* **Task brief**:
Retype the whole listing below exactly, keeping every picture out of it.

* **Provided data**:
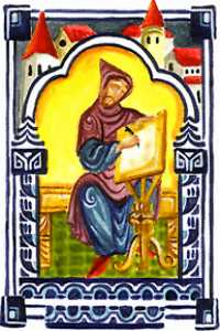 A monk monking in a scriptorium. Unknown medieval manuscript illumination ?
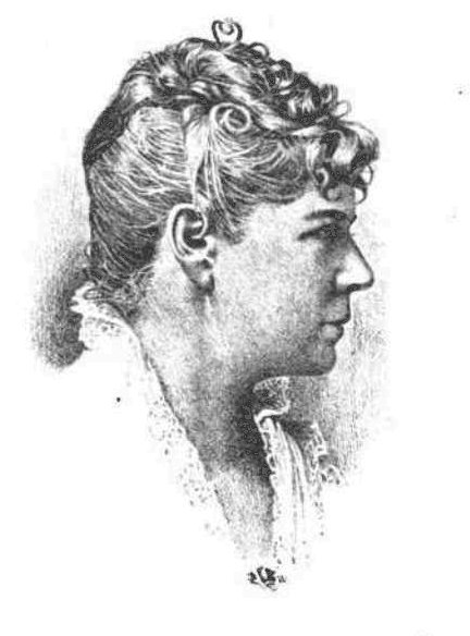 Portrait of Ina Coolbrith as appearing in 1918 poetry book.
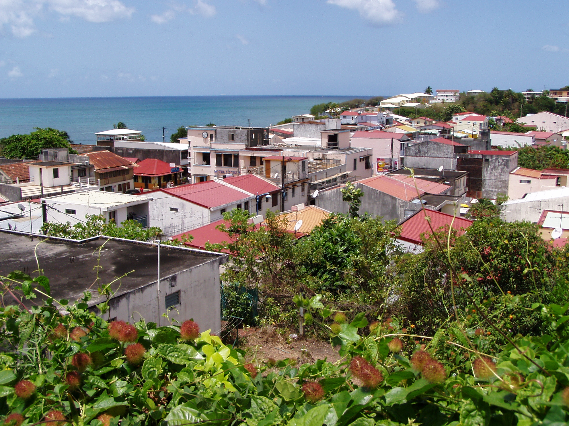 Sainte-Luce, view over the town

* **Result of the exercise**:
 A monk monking in a scriptorium. Unknown medieval manuscript illumination ?
 Portrait of Ina Coolbrith as appearing in 1918 poetry book.
 Sainte-Luce, view over the town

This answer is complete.